OPENSEARCH_USER_PASSWORD = ("admin", "admin")

session = requests.Session()
session.auth = OPENSEARCH_USER_PASSWORD

query_encoder = SBERTEncoder("msmarco-distilbert-dot-v5")

headers = {
  'Authorization': 'Basic YWRtaW46YWRtaW4=',
  'Content-Type': 'application/json'
}


2021-10-29 10:23:36,211 - policy_search.pipeline.semantic_search - DEBUG - Downloading sentence-transformers model


## 1. Run query

In [3]:
# query parameters
query = "transport levies"
max_passages_per_page = 5
max_pages_per_doc = 10

# ------

query_embedding = [float(i) for i in list(query_encoder.encode(query))]
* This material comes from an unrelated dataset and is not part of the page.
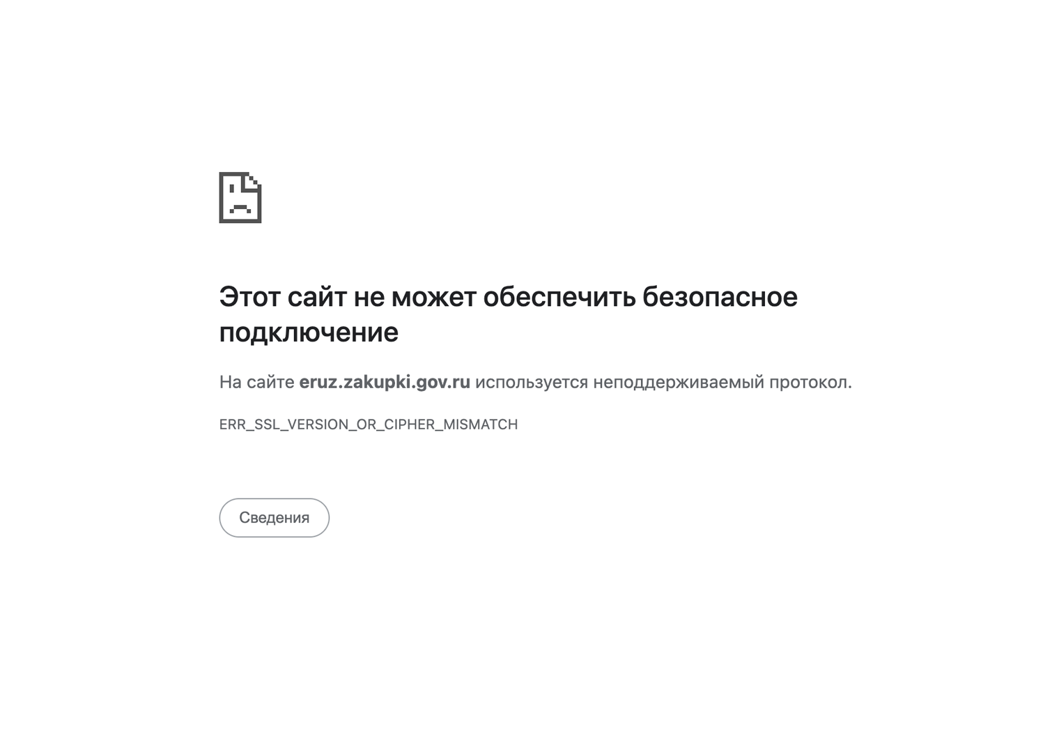 Настроить браузер для работы в ЕИС. Если пропустить этот шаг, на одном из дальнейших этапов увидите сообщение, что сайт не может обеспечить безопасное подключение.

# NOTE: this is the query from the method `policy_search.pipeline.opensearch.OpenSearchIndex.search`
es_query = {
                "_source": {"excludes": ["text.embedding"]},
                "query": {
                    "bool": {
                        "must": [
                            {
                                "nested": {
                                    "path": "text",
                                    "score_mode": "max",
                                    "inner_hits": {
                                        "_source": ["text.text_id", "text.text", "text.embedding"],
                                        "size": max_passages_per_page,
                                    },
                                    "query": {
                                        "bool": { 
                                            "should": [
                                                {
                                                    "match": {
                                                        "text.text": {
                                                            "query": query,
                                                            "boost": 1,
                                                        },
                                                    }
                                                },
                                                { 
                                                    "knn": {
                                                        "text.embedding": {
                                                            "vector": query_embedding,
                                                            "k": max_passages_per_page,
                                                            "boost": 1,
                                                        },
                                                    } 
                                                }     
                                            ]
                                        }
                                    },
                                }
                            },
                        ],
                        "should": [
                            {
                                "match_phrase": {
                                    "policy_name": {
                                        "query": query,
                                        "boost": 1,
                                    }
                                }
                            }
                        ]
                    }
                },
                "aggs": {
                    "top_docs": {
                        "terms": {
                            "field": "policy_id",
                            "order": {"top_hit": "desc"},
                        },
                        "aggs": {
                            "top_passage_hits": {
                                "top_hits": {
                                    "_source": {"excludes": ["text.embedding"]},
                                    "size": max_pages_per_doc,
                                }
                            },
                            "top_hit": {"max": {"script": {"source": "_score"}}},
                        },
                    }
                },
            }

start = time.time()
search_result = session.post(url=f"{OPENSEARCH_ENDPOINT}/policies/_search", data=json.dumps(es_query), headers=headers, verify=False).json()
end = time.time()
print(f"completed in {round(end-start, 1)} seconds")




completed in 2.1 seconds


## 2. Experiment with different inner product thresholds

Filtered results are returned below. Passages that have been excluded from the results based on the chosen threshold are stored in the variable `removed_using_threshold`.

In [4]:
INNERPRODUCT_THRESHOLD = 70

results_by_doc = search_result["aggregations"]["top_docs"]["buckets"]

query_results_by_doc = []

removed_using_threshold = []

# Iterate over each document returned from the query
for result in results_by_doc[0:20]:
    hits_by_page = result["top_passage_hits"]["hits"]["hits"]
    # num_pages_with_hit = result["doc_count"]
    policy_id = result["key"]
    policy_name = hits_by_page[0]['_source']['policy_name']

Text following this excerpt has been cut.